We played a game I found online and made it ourselves. I find the kids enjoy that as much as the activity sometimes. I could print many things out, but why not just add making it into the learning process? This one is called Fly By Night and the girls practiced their directions. They put their marker in the center and drew prewritten directions from the jar- "2 blocks East"  etc. The first owl to fly into the night won. They loved it and played several times.

 We checked out the wingspan of the Great Gray owl and learned all sorts of owl facts Hannah recorded on a sheet.  We read a couple of other really sweet fiction books featuring owls and had great chats together about the characters. Our cozy reading sessions and discussions on the couch will be my favorite memories with them I'm sure.

They both completed directions on coloring particular types of owls.

They also wrote mini-books with an owl as the main character. Chloe drew pictures for her story, which honestly was way too complicated to relay here! haha  It was something about an owl tricking some people who had come out into the snow on Christmas. I think it stole their stockings : )

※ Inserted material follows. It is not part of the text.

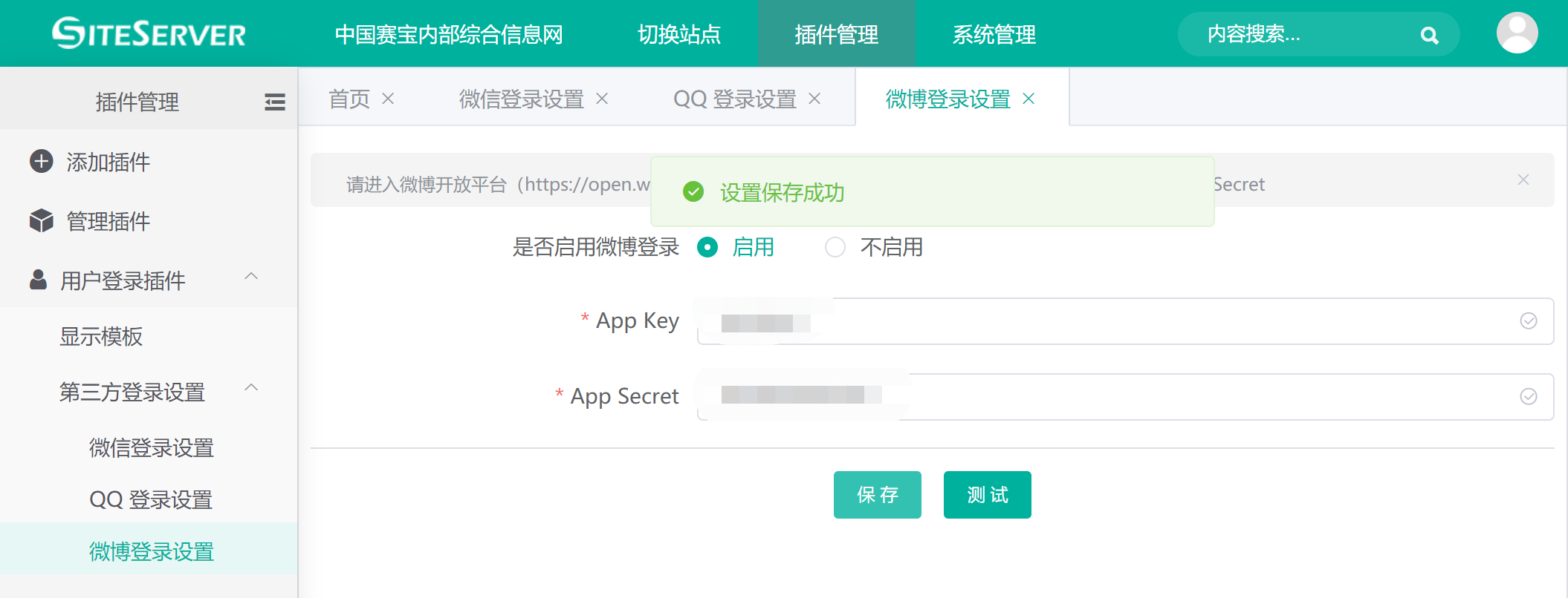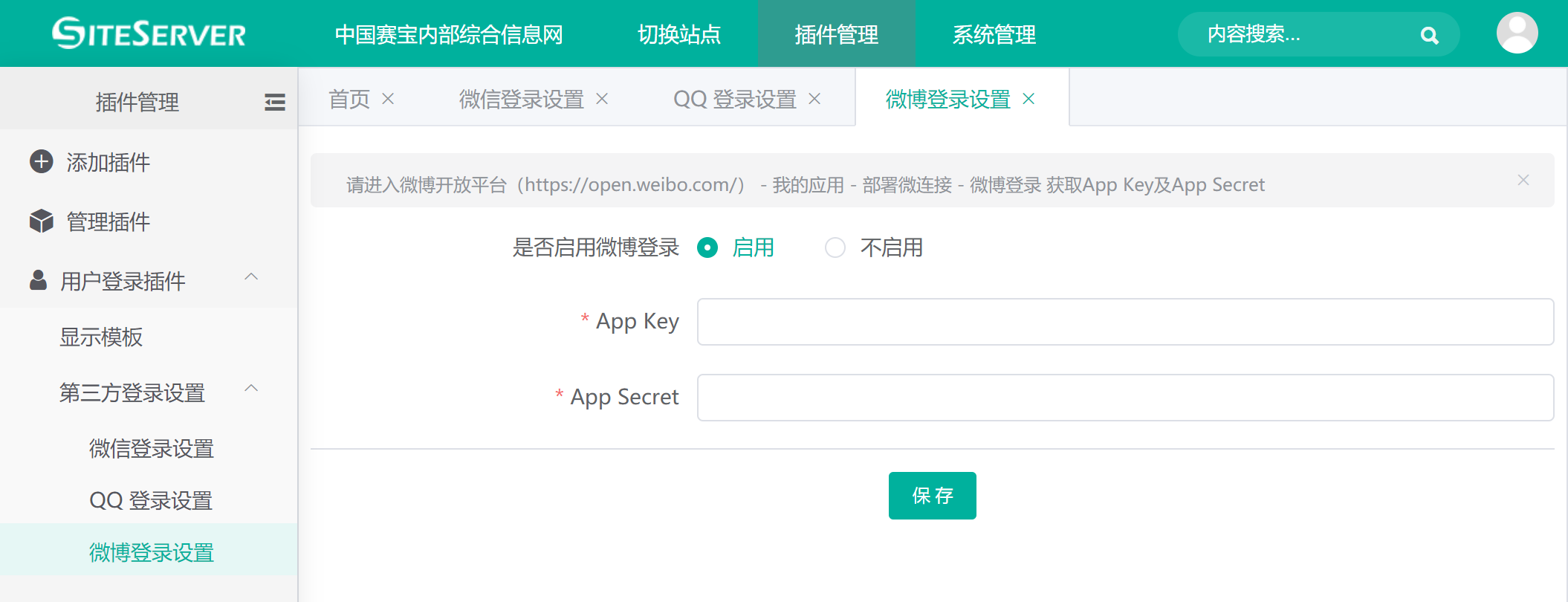 集成微博一键登录需要在登录插件中设置微博登录参数,进入用户登录插件 -> 第三方登录设置 -> 微博登录设置:

We recognized that Owl Moon did not have the typical conflict as part of the plot but simply described a girl's experience. So Hannah wrote about an owl who really wanted to be married, found his owl wife, and by the end had owl grandchildren.

As you can see, some days are pajama days. The kids learned more about features of owls and 
tried picking up objects with their "talons." 

There were so many possible art projects for this book, I decided to pick several instead of just one. 
Again it was easier to just freehand rather than print off copies- and more original that way : ) Here they practiced line patterns.

 Only Hannah was interested in making this owl out of torn paper. I gave her no instruction and just a picture as a guide to see what she would do.  I think it's pretty cute.

One project I found on line had the kids create owls with secondary colors. I thought it would be good if they each did two, one with primary and one with secondary. They did a great job talking out which colors they would use and reminding themselves of which ones were in which categories.

I love how they turned out. 
(As usual, Colin did participate and made his owls all blue : )


I surprised them with this lunch one day.  It's kind of a copy, but I added some personal touches like the beef stick- Pirouette branches with blackberries and wheat thin wings. I usually see those kind of things on Pinterest and think "What mom has that kind of time on her hands?" but this one was definitely worth it- and easy. And hearing your kids laugh is always a good time.

 Next week we'll continue the same book because there are so many great lessons. We'll learn more about nocturnal animals, categorizing animals, and of course.. the moon. I'm looking forward to lots of activities.

 
 In the meantime, Colin is learning how to do "manly" things like use a screwdriver. We bought a bookshelf for the girls' bedroom and he got to work. He did a great job and got several in by himself.

 We also got a Cracker Barrel checkers set- it's pretty fun to have sitting out on the coffee table for a game anytime.

 I've had a few of my own projects- I got to be sub principal horn in a nearby orchestra for their extremely belated Christmas concert and played Prokofiev's Peter and the Wolf for the first time. It's so craftily written and has many very beautiful parts. I'll love sharing it with the kids someday. Lone Star Wind Orchestra has a concert coming up soon with loads of horn parts to work on. I'm very much hoping Hannah will be able to go as she's been waiting to get to see her mom on stage.: ) Since she's handled two other long concerts very well, I think she'll really like this one.

Lastly Dax and I are starting a fitness program this month together, so wish us luck!